No don’t do that. Say Timmy said you’re engaged to a local, congratulations! Acknowledge his relationship rather than brush it under the carpet,

FrodoBiggins · 09/08/2025 20:16

Perroquet · 09/08/2025 16:51

Also if I ask Tom about his fiancee right away / show interest in meeting her, could he take it wrongly (as in I'm trying to judge his choice of partner, etc.)? I only know about Tom's fiancee and the reason for his move because Bob told me, but Tom may not be happy that Bob told me specifically about the fiancee being the reason for the move.

Why on earth would he be unhappy you know about his fiancée? You're overthinking it for sure. Just say it would be nice to see him and you'd like to meet her soon too

Amonthinthecountry · 09/08/2025 21:06

I think this is absolutely fine. Agree a coffee or lunch is the best bet. If he thinks his fiancée is going to feel weird about it, he can always make the call to invite her along. Or suggest a group meet up with the larger group.

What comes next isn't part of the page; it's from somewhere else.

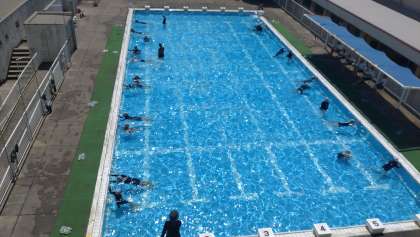 4限目は、6年2組のプールでした。写真は、平泳ぎの足の使い方をプールサイドの壁をもって練習している様子です。

Perroquet · 10/08/2025 20:26

Thank you for the advice. Yes, I know I am overthinking but given that I will reach out initially to Tom via a text message, it feels awkward to bring up his fiancee in a written message right away after not being in touch for so many years. (On the other hand, if I don't, then inviting Tom to meet one-on-one might be construed as odd/improper...but hopefully not because the context will be just lunch/coffee.) I think I'll keep the text simple, and once we meet in person, if he hasn't brought his fiancee already, then I will verbally mention that I'd love to meet her.